On top of feeling a little self conscious, it's a blustery mess out today! Like really pretty damn windy! So on top of feeling like there's a raccoon on top of my head, now I'm worried about it flying off! I wish there was a hidden camera watching me as I play with the wig. I must look like a spastic idiot with a tic of some sort.

Cancer: Take 1 With Hair was a whole lot easier than Cancer:Take 2 Without Hair.
I'm thrilled to be back in a routine though. The routine of being in the hospital is boring. Despite the wonderful programming we provide at News 8, most television is simply awful. (ie: Ice Loves Coco) I have been laying low at home for the last three days. Friday I didn't even turn on the TV because I couldn't stand it anymore. That's saying something. Now I can dive in on the 37 books I have on my bedside stand.
Did I mention the de ja vu factor of the hospital stay? Same room as 2009. During Cancer 1, I started writing a book about all the funny shit that happened. I never did anything with it - probably because God knew there were would a Volume 2. But I went back to it a found the part about that hospital room.

Here's the except:

"Last time I was in the hospital, I had a great view of the cemetery. It was a good reminder: "If you don't make it here, we'll just put you there." This time though, the view from my room was pretty non-descript - another wing of the hospital, I could see about 10 windows from my hospital bed. It didn't take long to notice the lights were on at all hours on the night in the wing across the way. Sometimes the lights would flick on and off really fast. Odd. The next morning I found out - that is the psych ward. Again: "If you don't make it here, we'll just put you there."

It snowed while I was in the hospital.
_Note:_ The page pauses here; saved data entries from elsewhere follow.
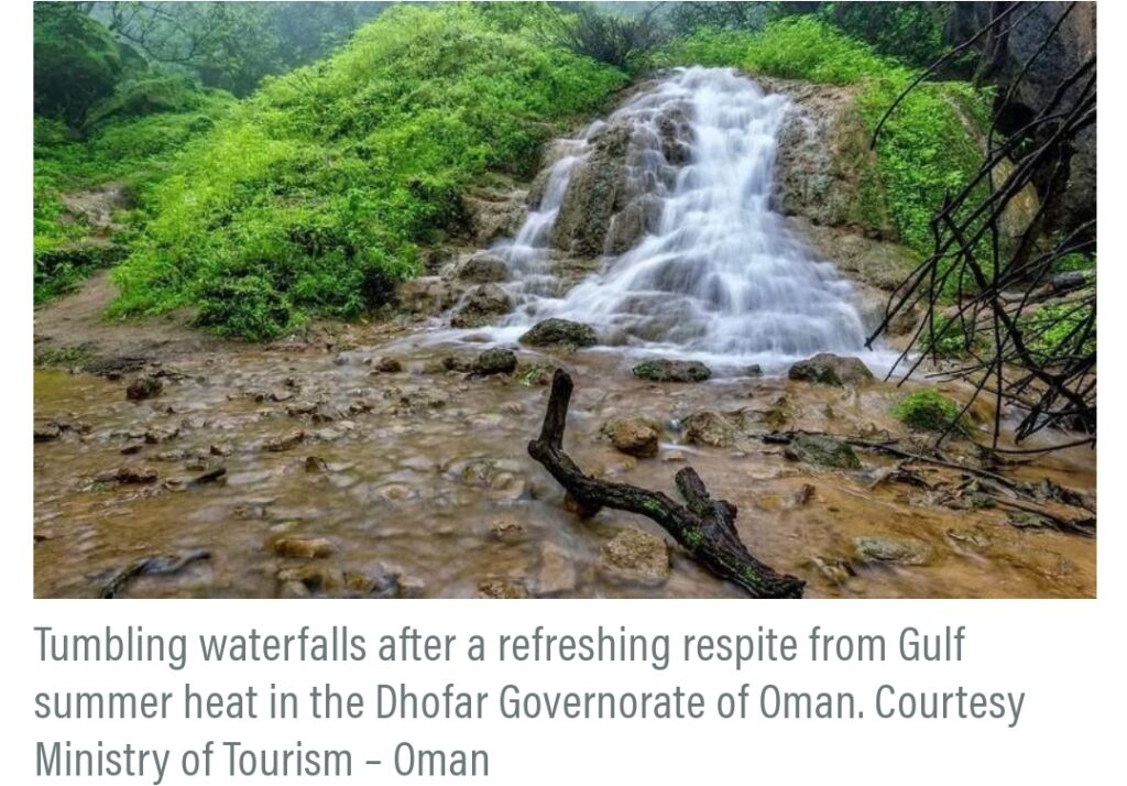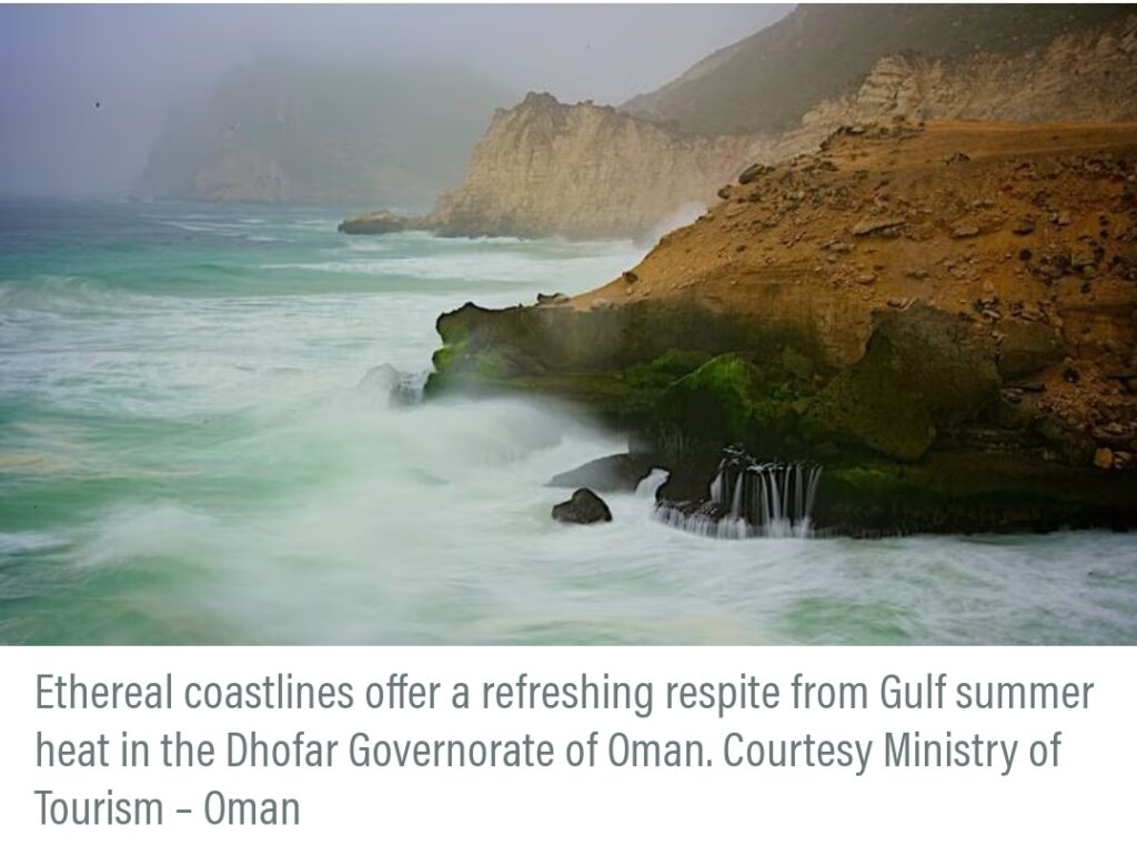 Van juni tot eind september vangt Salalah, mede dankzij het Dhofar-gebergte, een deel van de zuidoostelijke moesson op, die belangrijk is voor de watervoorziening van het gebied het hele jaar door. Terwijl westerse bezoekers in de winter naar Oman trekken voor de zon, betalen Golfreizigers een premie om een paar dagen dikke mist en lichte motregen in de zomer te ervaren, waarbij sommigen meer dan 1000 km van Muscat rijden voor het voorrecht. Hier zijn enkele van de aanbevolen plekken.
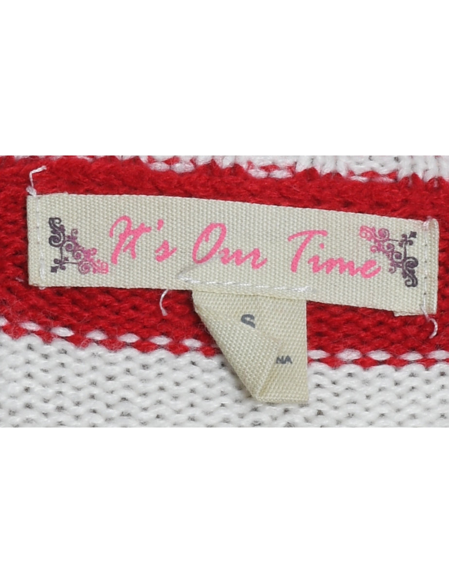 Penquin christmas jumper in off white & red with an applique design and sequins.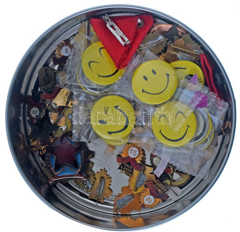 Kis fémdoboznyi, főleg szocialista jelvényből álló tétel, közte 1985. "A Munka Érdemrend arany fokozata" zománcozott bronz kitüntetés eredeti mellszalagon, miniatűrrel szalagsávon + zománcozott iskolajelvény + cserkész miniatűr bronz jelvény tű nélkül T:vegyes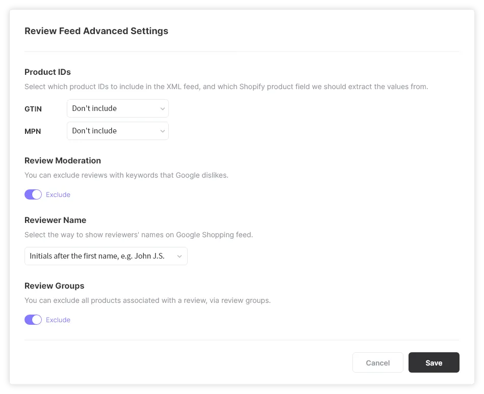 You can customize the review data that is uploaded to Google, so that you can ensure that the information displayed is accurate and relevant to your product.

I was on a heavy morphine drip for a couple of days, so things are fuzzy. But I distinctly remember looking out the window and noticing the snow flakes were falling UP. The nurse said it wasn't the morphine, it was a weird wind tunnel created by the two wings of the hospital. I can imagine what the patients in the psych ward thought about the rising snow flakes."

At least it didn't snow this time.


Nothing but sunshine this time! Of course, it was sunny and 75 while I was trapped inside!

My Throne. Note the French Fries on the table. My appetite is just fine!

I was running a small florist in my room! I loved it!! So beautiful and it smelled wonderful too. Nothing like some gerber daisies and roses to take the cold edge off a hotel room!